● **What the task requires**
Reproduce the full listing below unchanged, apart from the pictures.
++++
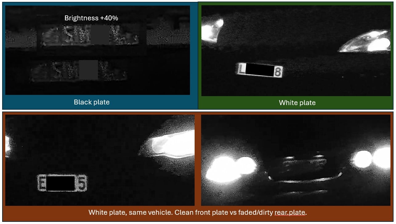 I'm fine to have a black plate option, but lets get rid of the color change bit. Optimize for human reading. It is hardly like black background plates are a new thing for camera's to recognize:
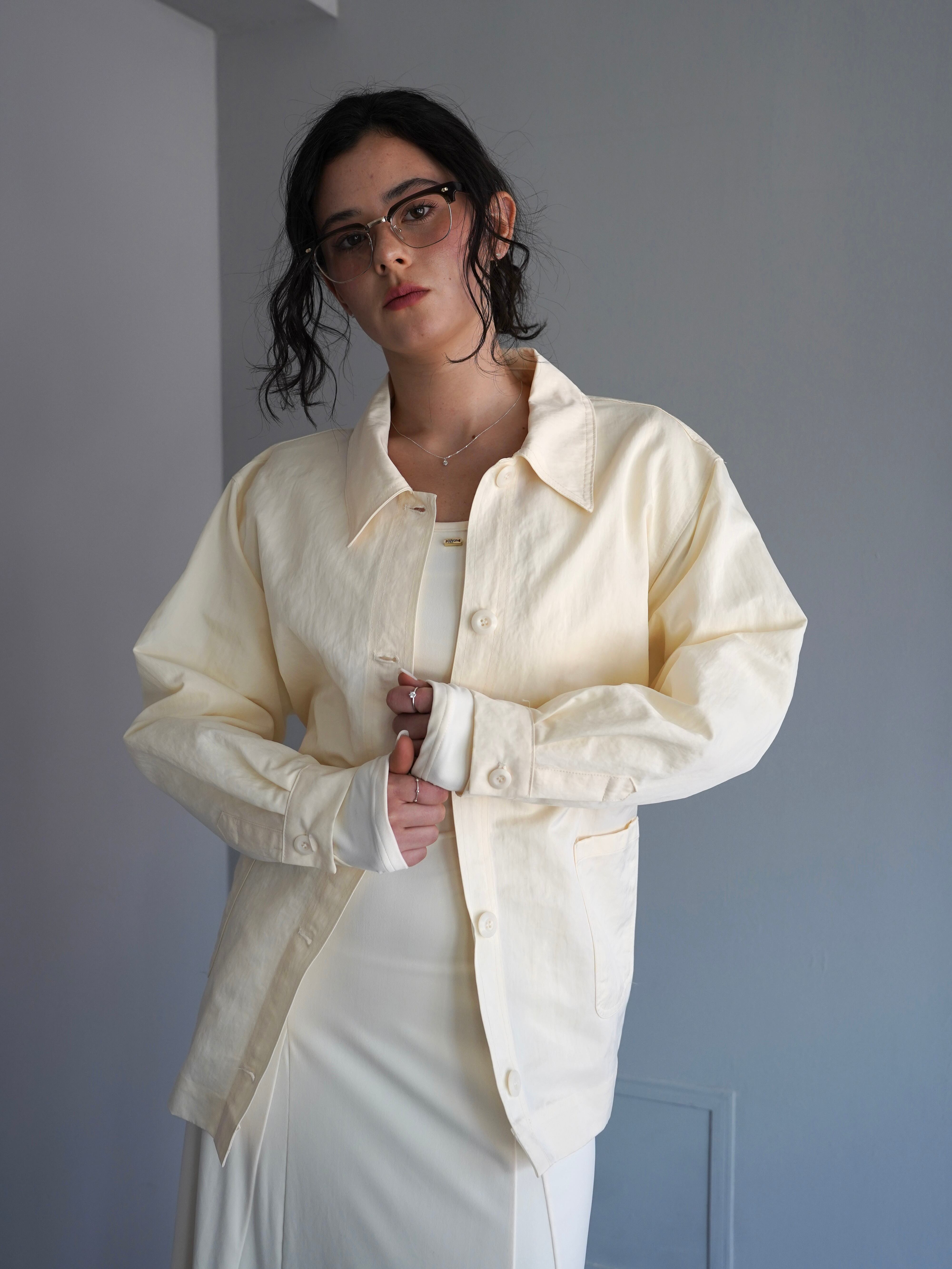 軽やかなナイロン素材を使用した、春のライトアウター。
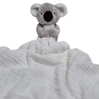 The Petite Vous Kip the Koala baby comfort blanket features a cool muslin blanket and makes an affordable and beautiful gift for any child. The comforter is presented on our luxe Petite Vous branded hangsell card making it perfect for a Baby Shower, Newborn, Christening or Special Birthday Gift.
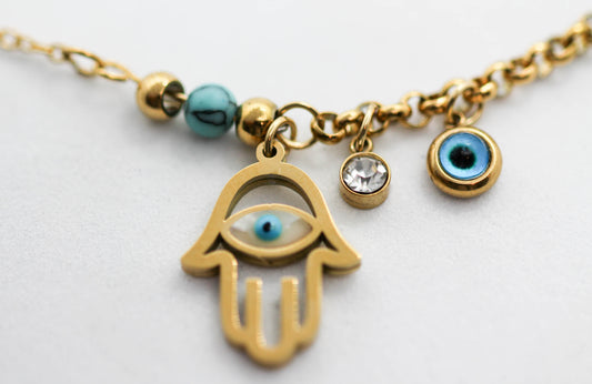 PULSERA MANO DE FATIMA MITAD DELGADA/ MITAD GRUESA ESFERA AZUL, CIRCONIA OJO COLGANDO,18CM + EXTENSION 4CM
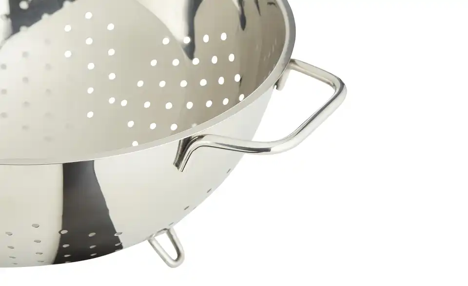 Der Seiher ist aus hochwertigem Edelstahl gefertigt. Seine drei Standfüße ermöglichen das unkomplizierte Abstellen im Spülbecken und auf allen Oberflächen. Die seitlichen Haltegriffe erleichtern die Benutzung.
++++
● **Worked solution**
 I'm fine to have a black plate option, but lets get rid of the color change bit. Optimize for human reading. It is hardly like black background plates are a new thing for camera's to recognize:
 軽やかなナイロン素材を使用した、春のライトアウター。
 The Petite Vous Kip the Koala baby comfort blanket features a cool muslin blanket and makes an affordable and beautiful gift for any child. The comforter is presented on our luxe Petite Vous branded hangsell card making it perfect for a Baby Shower, Newborn, Christening or Special Birthday Gift.
 PULSERA MANO DE FATIMA MITAD DELGADA/ MITAD GRUESA ESFERA AZUL, CIRCONIA OJO COLGANDO,18CM + EXTENSION 4CM
 Der Seiher ist aus hochwertigem Edelstahl gefertigt. Seine drei Standfüße ermöglichen das unkomplizierte Abstellen im Spülbecken und auf allen Oberflächen. Die seitlichen Haltegriffe erleichtern die Benutzung.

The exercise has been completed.